Sentí esta tristeza-mar tras ver el documental sobre Chet Baker, Let´s get lost.
Mi madre dejó un pudín en la nevera y varias tapas de yogourt Danone con las que se podía conseguir el Libro mágico, para niños, de la familia Danone.
Quedó más silencio en el estudio donde escribo, similar al espacio que los japoneses llaman tokonoma, pero que se advierte también en el cante jondo o en ciertos boleros casi blues, grabados a guitarra y voz.
Mi madre me dejó una soledad por dentro que las canciones que antes me protegían ahora me desnudan. Se llevó su forma de reír asiática y esa mirada cómplice de saber todo lo que pienso.

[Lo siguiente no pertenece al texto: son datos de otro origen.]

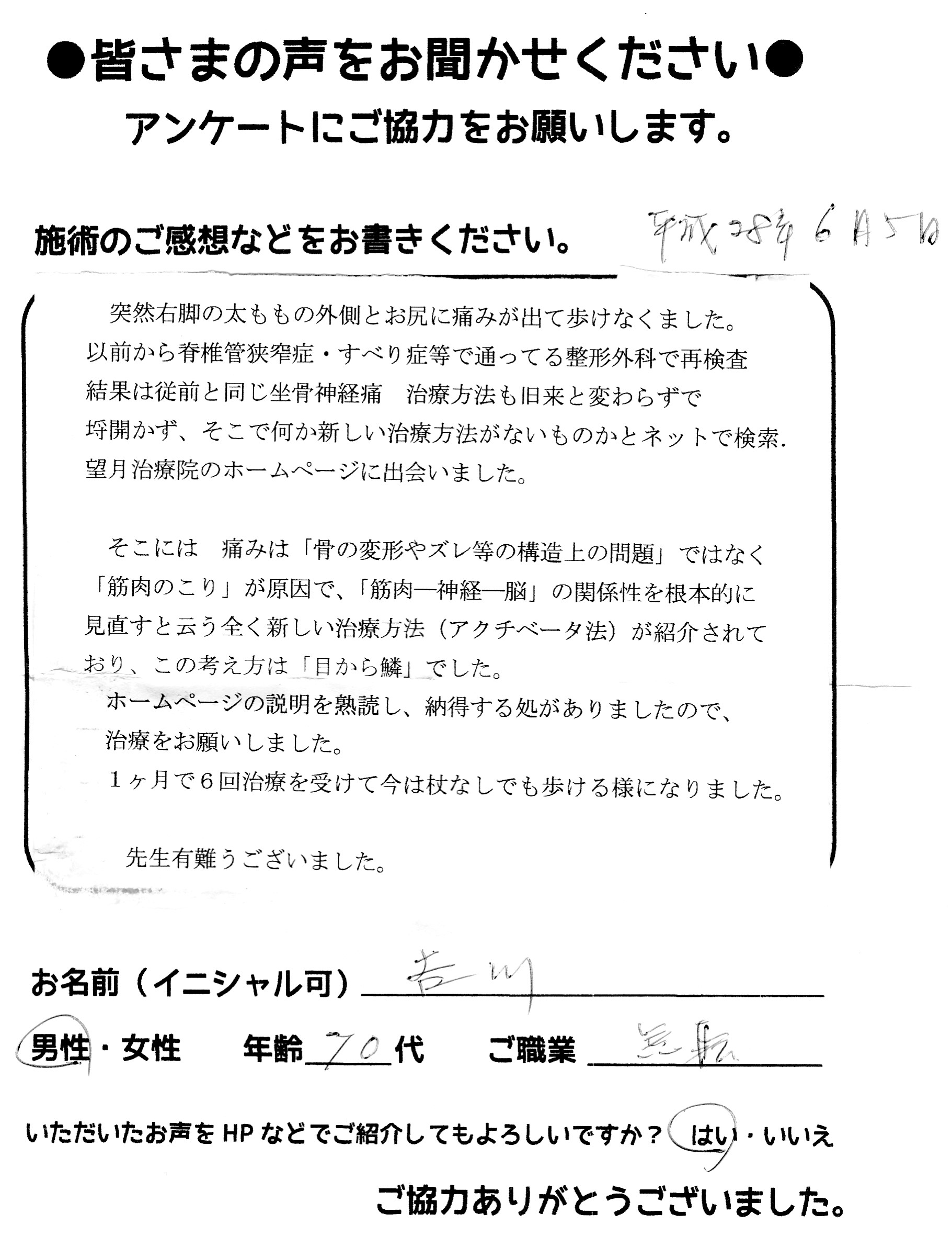 こんにちは!望月治療院の望月です。脊柱管狭窄症による坐骨神経つで来院して下さった患者様から施術の感想を頂きました。ご協力頂きましてありがとうございました!80代 男性 S.I様 『脊柱管…

No tomé leche condensada y un café, en un bar italiano, lo hice en otro. Sí pude ir con ella, muy cerca del amanecer, a la Barceloneta, y tomarnos un cortado con el Mediterráneo en primer plano que es la prolongación del mismo mar que toca aquella isla y también una canción. El mar que no solo era escenografía, sino un azul común a nuestra memoria de donde ella me trajo el engranaje de un entorno familiar que ya había perdido.
No fui capaz de cerrar el sofá cama donde durmió mientras estuvo de visita, hasta una semana más tarde; abierto, me daba la sensación de que podía entrar en cualquier momento y dar un paseo mañanero por Travessera de Gràcia, la calle que más le gustó. Allí lo encontraba todo quizás porque le recordaba el barrio de Centro Habana en su juventud de los años cincuenta, o quizá porque allí aprendió su primera palabra en catalán, Adeu (adiós).